Отличительной чертой процессов развития является то, что клетки организуются в группы для построения многоклеточных структур. Таким образом, одиночные клетки редко перестраиваются и движутся в одиночку, но связаны в плотном социотопе, в котором они демонстрируют коллективное поведение, такое как надклеточная миграция7, (не)глушащие переходы8,9 или уплотнение бластоцисты10. Механические силы, генерируемые внутри и между клетками, служат важными сигналами для управления коллективной динамикой клеток7,11. Но даже когда клетки движутся в одиночку, такие как клетки-предшественники, которые протискиваются между тканевыми листами или узкими тканевыми нишами, они испытывают обширные анизотропные механические силы при навигации по трехмерной среде. Эти механические нагрузки на клетки оказывают глубокое воздействие на поведение клеток12,13. Было исследовано несколько механизмов, которые сходятся на ядре как основной элемент механотрансдукции14,15, как пассивный или активный механический элемент во время миграции в плотной среде 3D-ткани15,16.

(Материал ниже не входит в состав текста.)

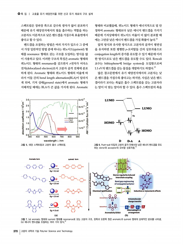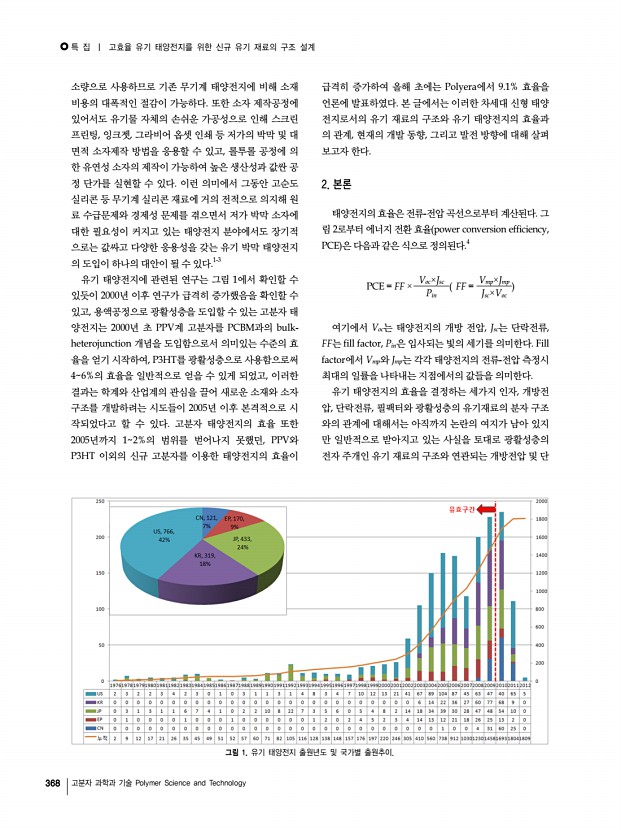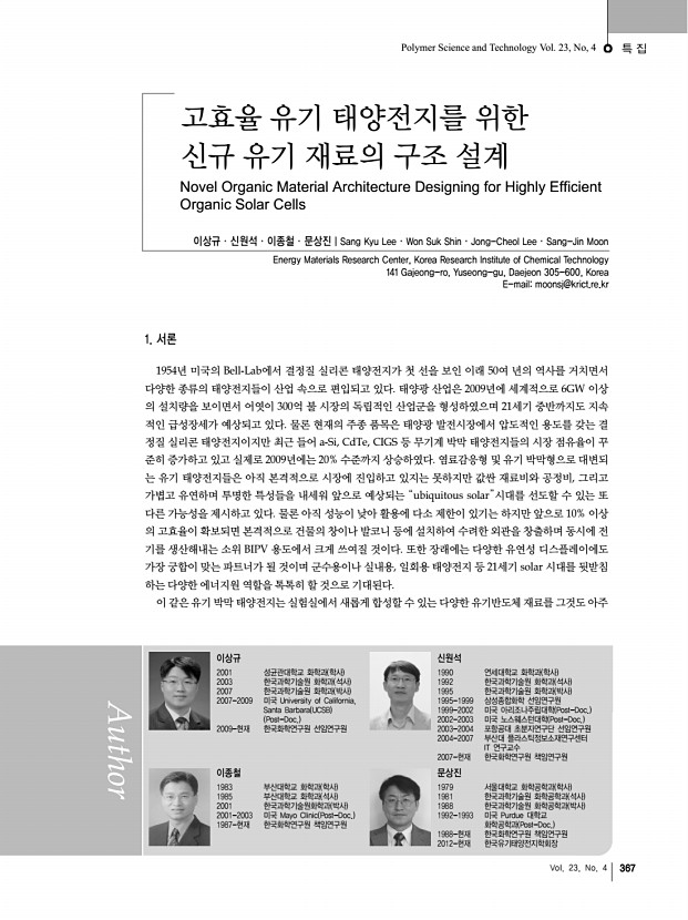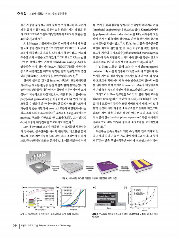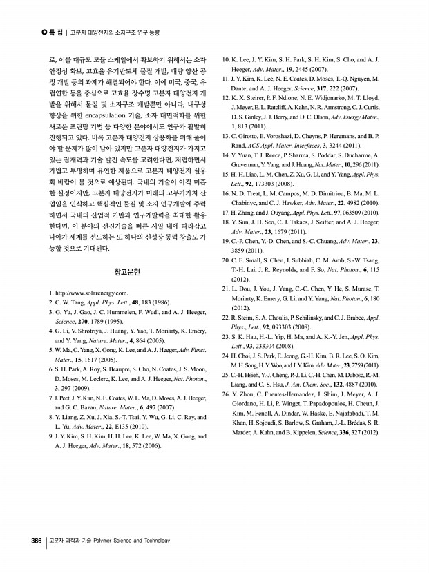 특 집 | 고분자 태양전지의 소자구조 연구 동향 366 고분자 과학과 기술 Polymer Science and Technology 로, 이를 대규모 모듈 스케일에서 확보하기 위해서는 소자 안정성 확보, 고효율 유기반도체 물질 개발, 대량 양산 공 정 개발 등의 과제가 해결되어야 한다. 이에 미국, 중국, 유 럽연합 등을 중심으로 고효율·장수명 고분자 태양전지 개 발을 위해서 물질 및 소자구조 개발뿐만 아니라, 내구성 향상을 위한 encapsulation 기술, 소자 대면적화를 위한 새로운 프린팅 기법 등 다양한 분야에서도 연구가 활발히 진행되고 있다. 비록 고분자 태양전지 상용화를 위해 풀어 야 할 문제가 많이 남아 있지만 고분자 태양전지가 가지고 있는 잠재력과 기술 발전 속도를 고려한다면, 저렴하면서 가볍고 투명하며 유연한 제품으로 고분자 태양전지 실용 화 바람이 불 것으로 예...

Недавно мы предложили механизм, который оснащает клетки для измерения деформаций формы с использованием ядра в качестве эластичного внутриклеточного механо-калибра12. Ядро, будучи самой большой органеллой в клетке, подвергается большим деформациям, когда клетки поляризуются, мигрируют или изменяют свою форму при механическом растяжении, ограничении или осмотическом напряжении16,17,18,19. Мы обнаружили, что растяжение ядерной оболочки вместе с внутриклеточным позиционированием ядра предоставляет клеткам информацию о величине и типе клеточной деформации (например, сжатие клеток против клеточного набухания). Растяжение ядра связано с развертыванием внутренней ядерной мембраны (INM), что способствует кальций-зависимой активности cPLA2 (цитозольная фосфолипаза A2) липазы в INM с последующим высвобождением арахидоновой кислоты (AA) и быстрой активацией миозина II в клеточной коре. Это приводит к повышенной сократимости клеток и миграции амебоидных клеток выше порога сократимости коры6. Механочувствительная реакция на деформацию клеток происходит менее чем за минуту и обратима при высвобождении удержания, предполагая, что ядро действует как тензорезистор клеточной проприоцепции, регулирующий адаптивное поведение клеток в условиях механического стресса. Показано, что этот механочувствительный путь активен в стволовых клетках-предшественниках, полученных из эмбрионов рыбок данио, как в плюрипотентных, так и в линейных клетках12 и сохраняется у различных видов и клеточных линий20.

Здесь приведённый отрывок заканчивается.